There is an API, described at api.md. Web APIs are exposed to pager too, but you cannot operate on the DOMs themselves from the pager, unless you create one yourself with DOMParser.parseFromString.
config.md describes all commands that are used in the default config.
JS in the buffer
The DOM is implemented through the same wrappers as those in pager, except the pager modules are not exposed to buffer JS.
Aside from document.write, it is mostly straightforward, and usually works OK, though too many things are missing to really make it useful.
As for document.write: don’t ask. It works as far as I can tell, but I wouldn’t know why.
CSS
css/ contains CSS parsing, cascading, layout, and rendering.
Note that CSS (at least 2.0 and onward) was designed for pixel-based displays, not for character-based ones. So we have to round a lot, and sometimes this goes wrong. (This is mostly solved by the omission of certain problematic properties and some heuristics in the layout engine.)
Also, some (now) commonly used features like CSS grid are not implemented yet, so websites using those look ugly.
Parsing, cascading
The parser is not very interesting, it’s just an implementation of the CSS 3 parsing module. The latest iteration of the selector parser is pretty good. The media query parser and the CSS value parser both work OK, but are missing some commonly used features like variables.
Cascading works OK. To speed up selector matching, various properties are hashed to filter out irrelevant CSS rules. However, no further style optimization exists yet (such as Bloom filters or style interning).

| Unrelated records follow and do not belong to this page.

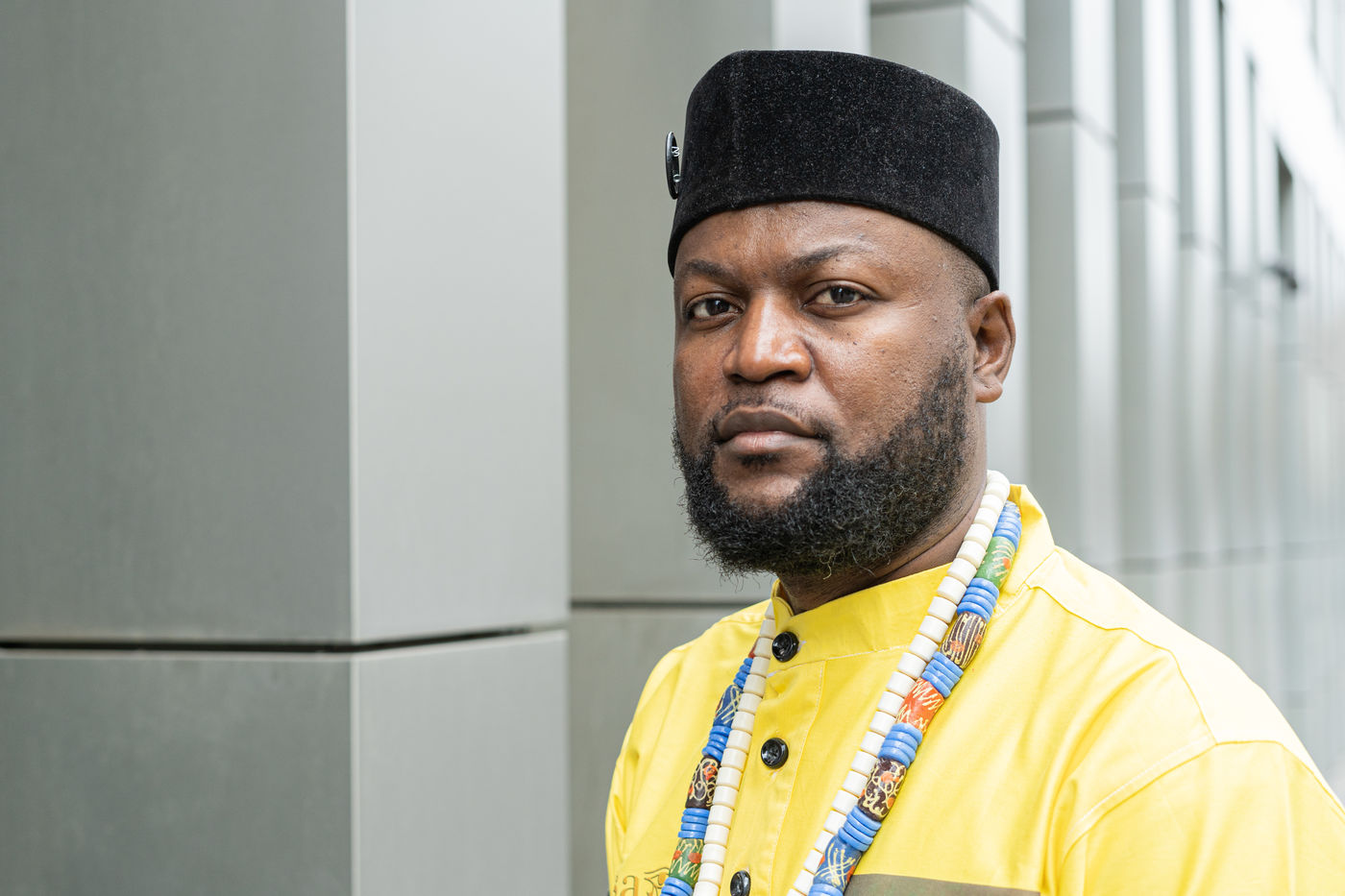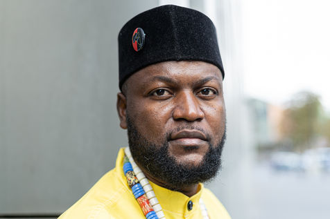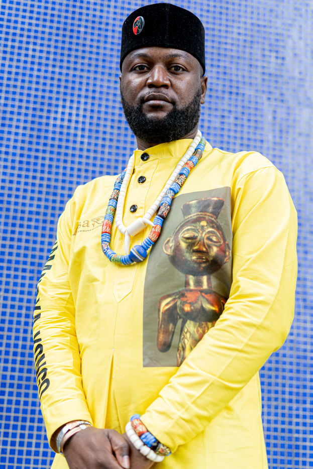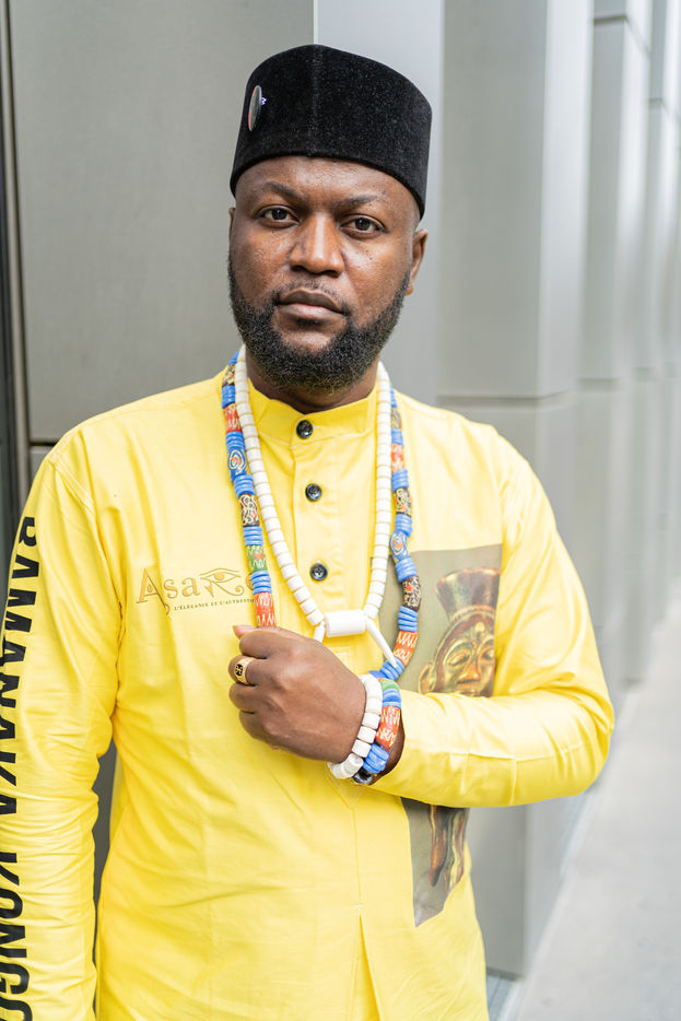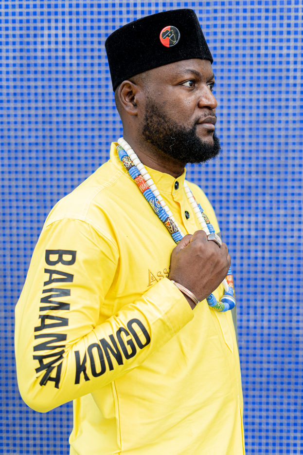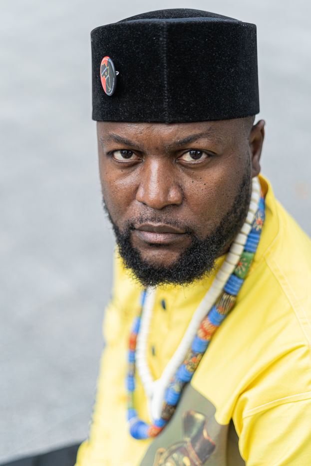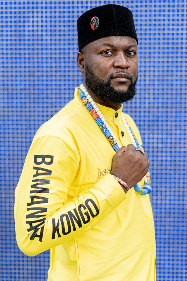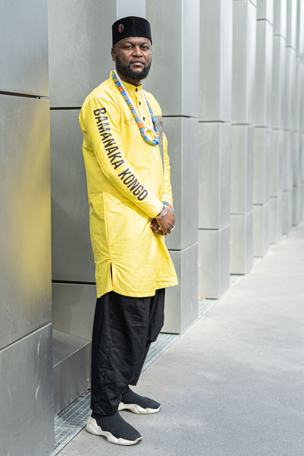 Portraits de Mwazulu Diyabanza à Paris. Cet activiste congolais est jugé à Paris pour avoir dérobé un poteau funeraire tchadien au musée du Quai-Branly. Il entend ainsi protester contre l accaparement par les pays occidentaux de biens culturels africains. Il a conduit des actions similaires à Marseille et à Berg en Dal aux Pays-Bas.
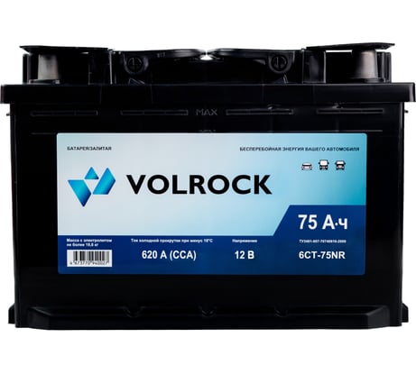 Отзыв Аккумулятор VOLROCK 6СТ-75NR (O.П.) 620А конус 4673770940027
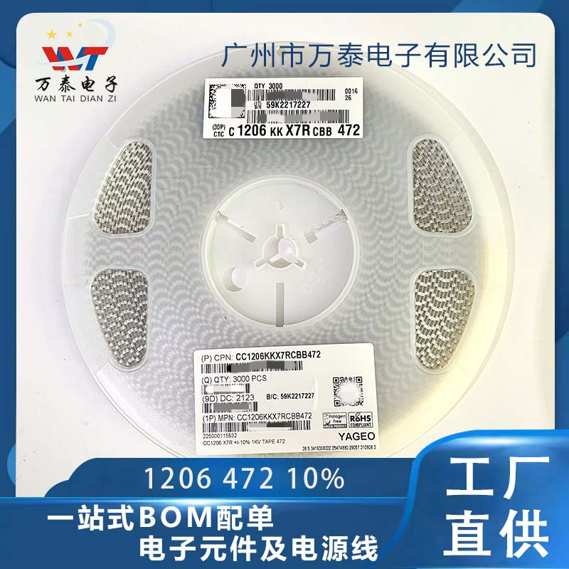 1206国巨大チップコンデンサー472k 10% 1kvセラミックコンデンサーcc1206 kkx7 rbb472

Style calculation is incremental, and results are cached until an element’s style is invalidated, so re-styles are quite fast. (The invalidation logic is primitive, but as far as I can tell, it’s good enough in most cases.)
Layout
Our layout engine is a rather “simple” procedural layout implementation. It runs in two passes:
- Build a layout tree. Anonymous block and table boxes are generated
here. After this pass, the tree is no longer mutated, only the
state
andrender
fields of the respective boxes. - Position said boxes, always relative to their parent. This pass sets
the values in the
state
field.
In practice, step 2 is often repeated for subsections of the tree to resolve cyclic dependencies in CSS layout (e.g. in table, flex). However, the input sizes are cached between sub-layout passes, and the entire sub-layout is skipped if the sizes remained identical. (This usually happens if a box’s inner layout does not depend on its parent box’s sizes at all, e.g. with a non-percentage specified width.)
Since we do not cache layout results, and the whole page is layouted, it gets quite slow on large documents. (Layout is being incrementally refactored to make implementing a cache simpler.)
Rendering
After layout is finished, the document is rendered onto a text-based canvas, which is represented as a sequence of strings associated with their formatting. (Right now, “formatting” also includes a reference to the respective DOM nodes; in the future, it won’t.)
Additionally, boxes are assigned an offset in the render
field here, which is used when jumping to anchors.
The entire document is rendered, and this is our main performance bottleneck right now. (In fact, rendering takes much longer than layout. Styling is even slower, but that’s less of a problem because it only happens once for most elements.)
The positive side of this design is that search is very simple (and fast), since we are just running regexes over a linear sequence of strings.